* **WHAT YOU ARE ASKED TO DO**: From the line containing "通知中稱,進入暑期和旅游旺季" to the line containing "这Bream几周前一个虾就轻" in the entries below, reproduce every line exactly, ends included. Nothing else belongs in the copy, and no pictures.

── DATA TO PROCESS ──

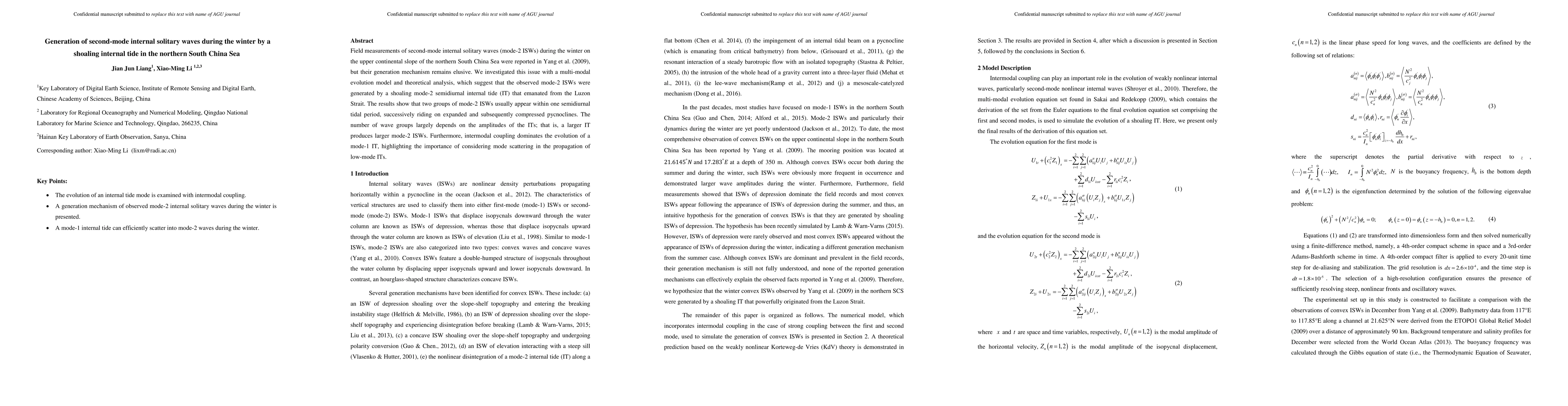 This study reveals that second-mode internal solitary waves in the northern South China Sea during winter are generated by a shoaling mode-2 internal tide from the Luzon Strait. The findings show that these waves appear in two groups within a semidiurnal tidal period, influenced by the amplitude of the internal tide and the process of intermodal coupling.
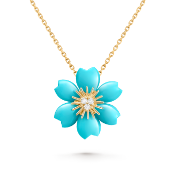 Rose de Noël耳环,迷你款式 18K黄金, 绿松石, 钻石
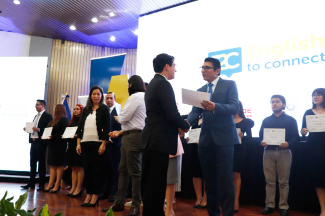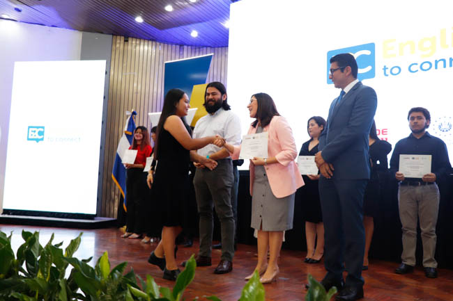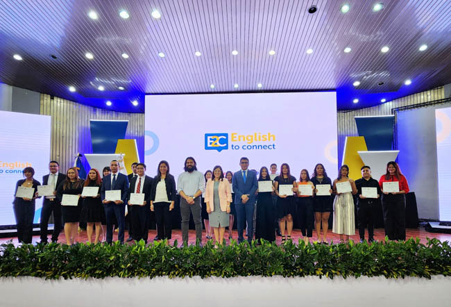 El Ministerio de Economía, junto con su socio estratégico ITCA-FEPADE, realizaron una feria de empleo dirigida a 1,168 participantes de la tercera edición del programa English to Connect (E2C), quienes recibieron su diploma ese mismo día.
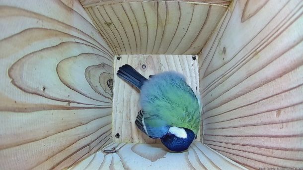 Mésange Charbonnière qui regarde l'éclairage LED dans le Nichoir du Cerisier
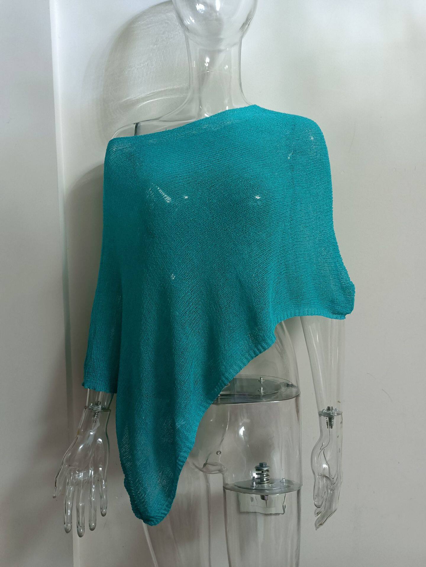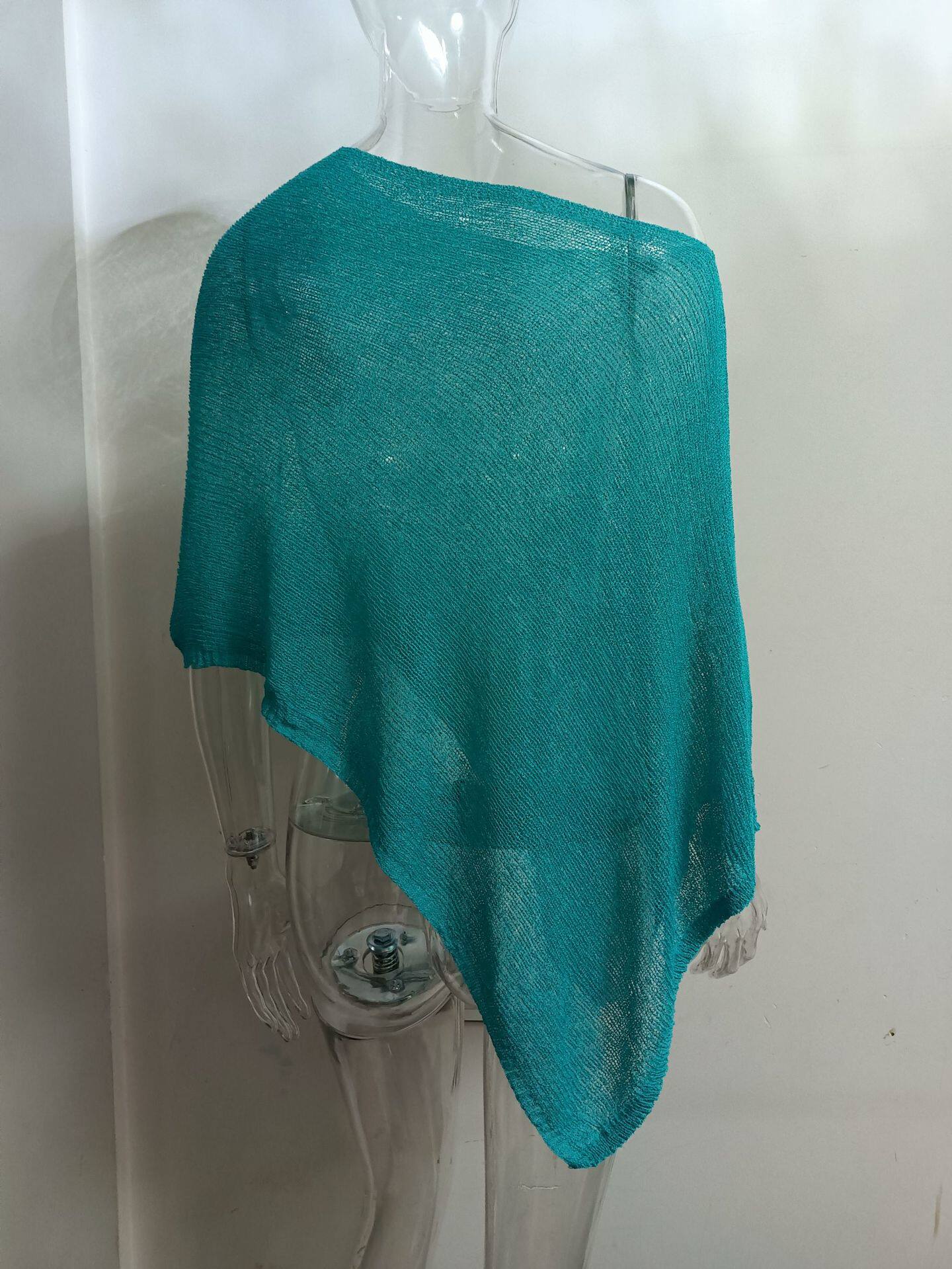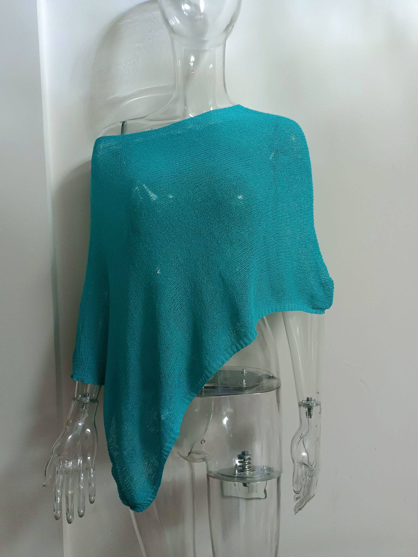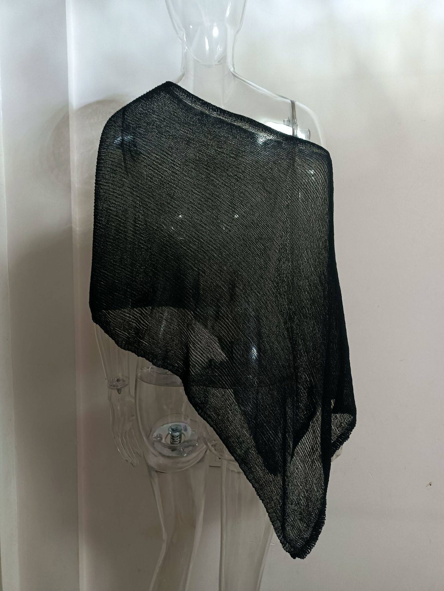 歐美女式設計感不規則鬥篷網紗披肩防曬衫寬鬆慵懶薄款冰絲針織衫
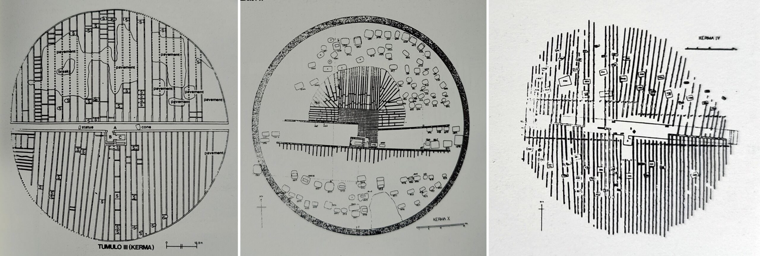 Le sepolture del Kerma Antico sono contrassegnate da una stele senza iscrizioni e da pochi bucrani che adornano la tomba. L’usanza dei bucrani si sviluppa nel Kerma Medio e in alcune tombe se ne possono contare fino a 400.
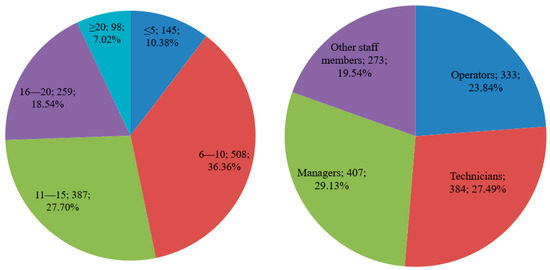 The questionnaires were sent to managers, technicians, and frontline operators. A total of 1500 paper questionnaires were distributed, and 1481 were recovered, with a recovery rate of 98.73%. Discounting missing questions and invalid questionnaires that do not meet the requirements, the total number of valid questionnaires was 1397, with an effective questionnaire rate of 93.13%.
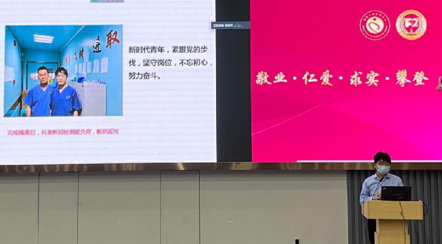 随后,医科院援鄂抗疫医疗检测队队员、实验诊断中心的陈前龙与大家讲述了自己的抗疫经历。作为医疗监测队首批派往武汉一线的“先遣队员”,陈前龙与战友们3天完成了实验室的搭建、工作流程的梳理、物资器材的配备,经过51天的日夜奋战,完成了武汉东西湖方舱医院2200余名患者的核酸检测,实现了出征时许下的“零感染、凯旋归”的承诺。同时,他分享了作为一名普通群众在援鄂期间与党员同志们一起奋战的所见所闻,以及在党员同志和党组织感召下,在战“疫”一线主动递交向党组织入党申请书的心路历程。他表示,能成为一名光荣的共产党员,是一份沉甸甸的责任,也希望在未来工作和生活中,把这份责任转换为赓续前进的不竭动力,为党的事业贡献青春力量!
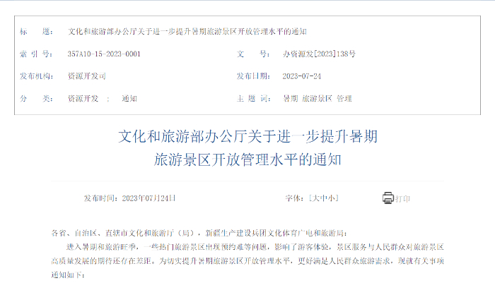 通知中稱,進入暑期和旅游旺季,一些熱門旅游景區(qū)出現(xiàn)預(yù)約難等問題,影響了游客體驗,景區(qū)服務(wù)與人民群眾對旅游景區(qū)高質(zhì)量發(fā)展的期待還存在差距。為切實提升暑期旅游景區(qū)開放管理水平,更好滿足人民群眾旅游需求,現(xiàn)就有關(guān)事項通知如下:
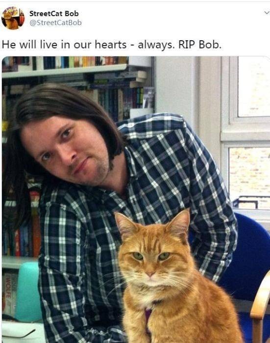 “鲍勃拯救了我,他给予我很多东西,不仅是陪伴,更是人生的目标和方向。我们的书和电影所取得的成功是个奇迹,他感动了无数生命,再也不会有一只猫像他一样了。我的生活从此失去了一道光,我永远不会忘记他。”
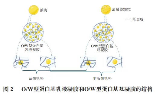 水包油(O/W)型蛋白基乳液凝胶是一种以O/W型蛋白基乳液为基础所形成的凝胶状半固体。其中,蛋白质凝胶网络结构作为连续相,油滴作为分散相进行填充。O/W型蛋白基双凝胶是一种由蛋白基水凝胶和油凝胶混合制备而成的半固体,其中蛋白质凝胶网络结构同样作为连续相,而油凝胶颗粒作为分散相。O/W型蛋白基乳液凝胶和O/W型蛋白基双凝胶均具有与动物脂肪类似的结构和理化性质,能够解决传统脂肪模拟物在应用时出现的多种问题。
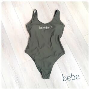 BEBE One Piece Swimsuit Fatigue Green Bathing Suit Size XL Beach Swimwear Summer
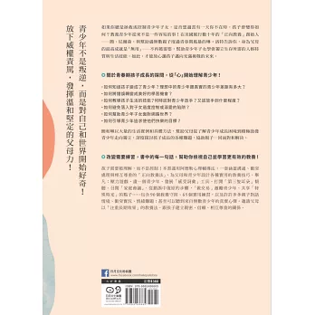 「這是一本豐富紮實的好書,內容涵蓋豐富的心理學知識與實用的教養方法,幫助家有青少年的父母學會在溫和堅定中延續對孩子的愛與責任、享受日漸放手的輕鬆自在,也讓更多青少年得以間接受惠,在跨越青春期的種種挑戰之後,成為真實、夠好的自己。」──楊俐容/兒童青少年心理專家
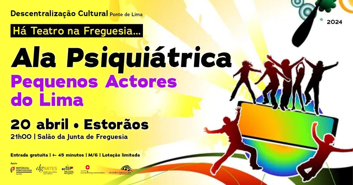 A 20 de abril de 2024, às 21h00, Há Teatro na Freguesia... de Estorãos, com o espetáculo "Ala Psiquiátrica", pelo Pequenos Actores do Lima.
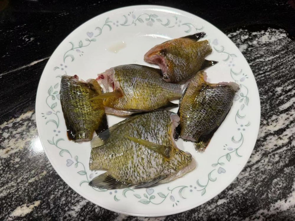 这Bream几周前一个虾就轻松钓13个,那个隐秘的地点被老墨看到,结果最近两周钓很少,怀疑是不是被钓完了?只是怀疑不能下结论。今天也只钓了几条,留了三条小的用作钓鲇鱼的鱼饵
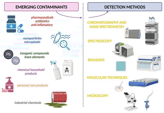 The assessment of environmental risk associated with using sewage sludge for fertilizer and energy purposes is complex and involves various analytical and modeling tools. These tools help to identify, quantify, and assess potential environmental and health risks associated with contaminants present in sewage sludge. Wastewater contaminants are mainly biodegradable during the treatment process, while the resistant ones are retained in sewage sludge to the greatest extent. Wastewater contains high levels of MPs, and most of them (≈99%) remain in sewage sludge []. Many are not biodegradable or only slightly biodegradable and have high water solubility. Therefore, pharmaceuticals and personal care products (PPCPs), endocrine disrupting chemicals (EDCs), such as bisphenol A (BPA) and phthalates, per- and polyfluoroalkyl substances (PFASs), known for their persistence in the environment, pose a major threat. For this reason, the presence of these contaminants in sewage sludge is associated with a potential threat, both in ecological and health terms (Figure 4). Therefore, it is important to monitor the total content of these contaminants in sewage sludge and their intermediate forms of decomposition. Emerging pollutants in sewage sludge, including pharmaceuticals, personal care products, endocrine-disrupting chemicals, and microplastics, pose increasing risks to human health and the environment []. Various scientific and technical analytical tools evaluate these contaminants in sewage sludge (Table 2).
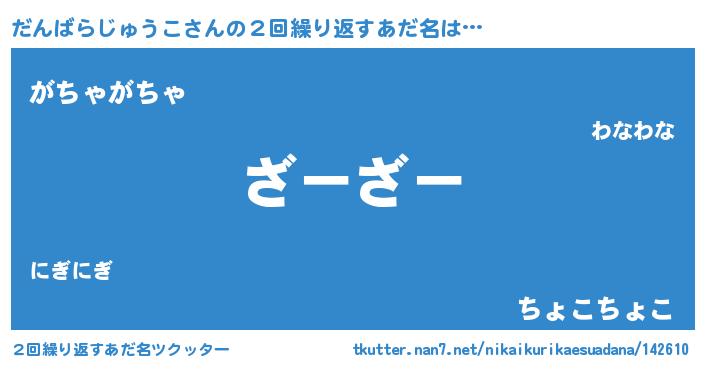 | 意味不明あだ名 | 『住所不定無職だんばらじゅうこ(8歳)』 |

───

* **RESPONSE AREA**:
 通知中稱,進入暑期和旅游旺季,一些熱門旅游景區(qū)出現(xiàn)預(yù)約難等問題,影響了游客體驗,景區(qū)服務(wù)與人民群眾對旅游景區(qū)高質(zhì)量發(fā)展的期待還存在差距。為切實提升暑期旅游景區(qū)開放管理水平,更好滿足人民群眾旅游需求,現(xiàn)就有關(guān)事項通知如下:
 “鲍勃拯救了我,他给予我很多东西,不仅是陪伴,更是人生的目标和方向。我们的书和电影所取得的成功是个奇迹,他感动了无数生命,再也不会有一只猫像他一样了。我的生活从此失去了一道光,我永远不会忘记他。”
 水包油(O/W)型蛋白基乳液凝胶是一种以O/W型蛋白基乳液为基础所形成的凝胶状半固体。其中,蛋白质凝胶网络结构作为连续相,油滴作为分散相进行填充。O/W型蛋白基双凝胶是一种由蛋白基水凝胶和油凝胶混合制备而成的半固体,其中蛋白质凝胶网络结构同样作为连续相,而油凝胶颗粒作为分散相。O/W型蛋白基乳液凝胶和O/W型蛋白基双凝胶均具有与动物脂肪类似的结构和理化性质,能够解决传统脂肪模拟物在应用时出现的多种问题。
 BEBE One Piece Swimsuit Fatigue Green Bathing Suit Size XL Beach Swimwear Summer
 「這是一本豐富紮實的好書,內容涵蓋豐富的心理學知識與實用的教養方法,幫助家有青少年的父母學會在溫和堅定中延續對孩子的愛與責任、享受日漸放手的輕鬆自在,也讓更多青少年得以間接受惠,在跨越青春期的種種挑戰之後,成為真實、夠好的自己。」──楊俐容/兒童青少年心理專家
 A 20 de abril de 2024, às 21h00, Há Teatro na Freguesia... de Estorãos, com o espetáculo "Ala Psiquiátrica", pelo Pequenos Actores do Lima.
 这Bream几周前一个虾就轻松钓13个,那个隐秘的地点被老墨看到,结果最近两周钓很少,怀疑是不是被钓完了?只是怀疑不能下结论。今天也只钓了几条,留了三条小的用作钓鲇鱼的鱼饵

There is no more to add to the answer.